- Jaramai Location in Uttar Pradesh, India
- Coordinates: 27°22′59″N 79°02′41″E﻿ / ﻿27.38299°N 79.04478°E
- Country: India
- State: Uttar Pradesh
- District: Mainpuri
- Tehsil: Bhongaon

Area
- • Total: 2.535 km^{2} (0.979 sq mi)

Population (2011)
- • Total: 2,579
- • Density: 1,017/km^{2} (2,635/sq mi)
- Time zone: UTC+5:30 (IST)

= Jaramai, Sultanganj =

Village in Uttar Pradesh, India

Jaramai is a village in Sultanganj block of Mainpuri district, Uttar Pradesh. As of 2011, it has a population of 2,579, in 439 households.

== Demographics ==
As of 2011, Jaramai had a population of 2,579, in 439 households. This population was 54.7% male (1,412) and 45.3% female (1,167). The 0-6 age group numbered 472 (254 male and 218 female), or 18.3% of the total population. 1,605 residents were members of Scheduled Castes, or 62.2% of the total.

The 1981 census recorded Jaramai as having a population of 1,379 people, in 267 households.

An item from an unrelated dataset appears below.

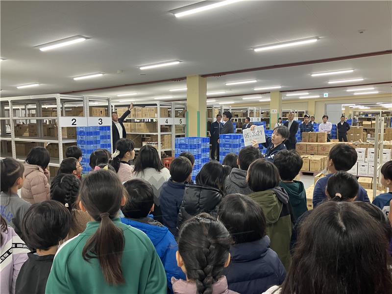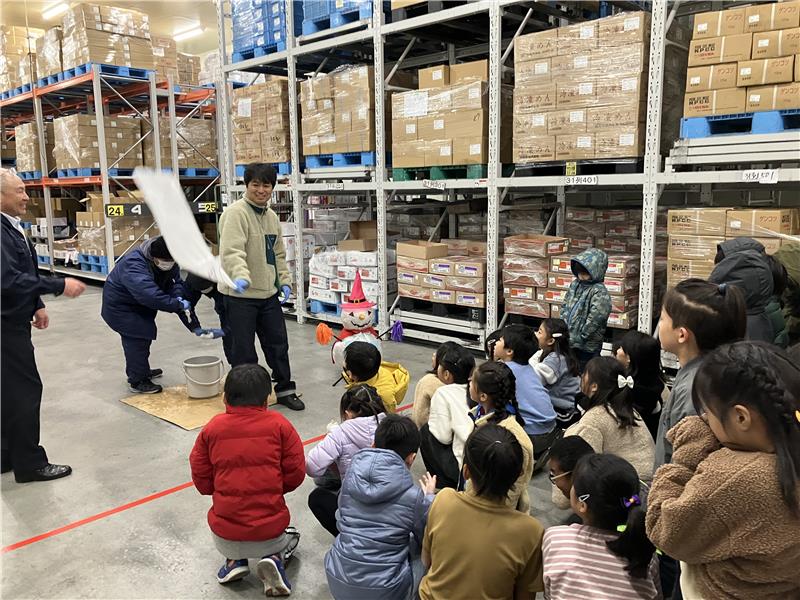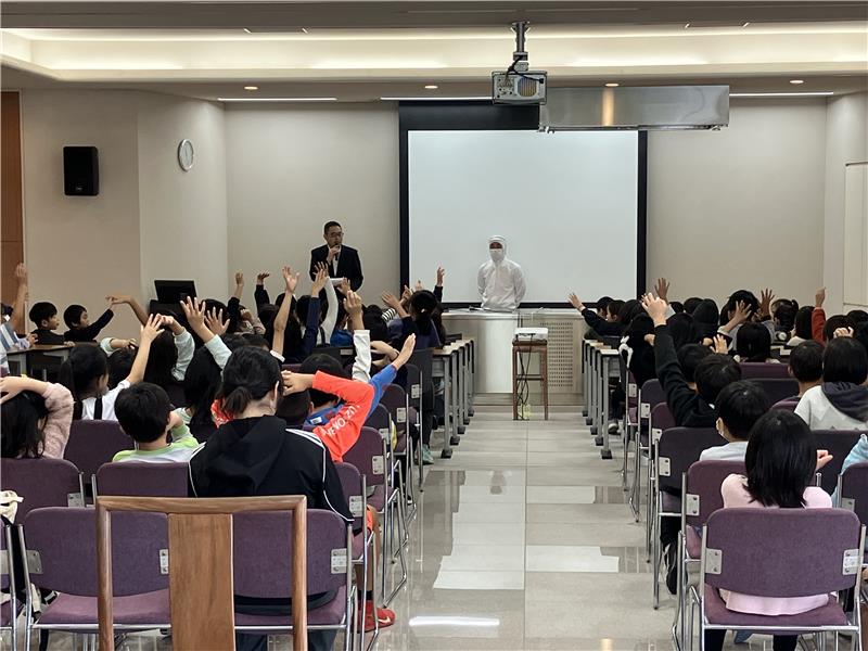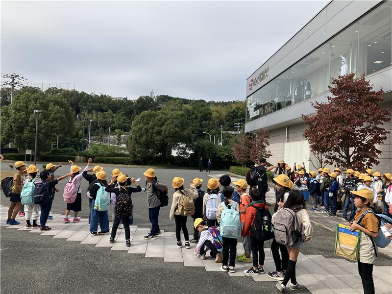 今年も、当社子会社であるアンキッキ協栄株式会社(大阪府茨木市)に、近隣の茨木市立山手台小学校3年生118人が社会見学にやって来ました。

The 1961 census recorded Jaramai as comprising 4 hamlets, with a total population of 1,039 people (543 male and 496 female), in 187 households and 140 physical houses. The area of the village was given as 629 acres.

== Infrastructure ==
As of 2011, Jaramai had 1 primary school; it did not have any healthcare facilities. Drinking water was provided by hand pump; there were no public toilets. The village had a post office but no public library; there was at least some access to electricity for residential and agricultural purposes. Streets were made of kachcha materials.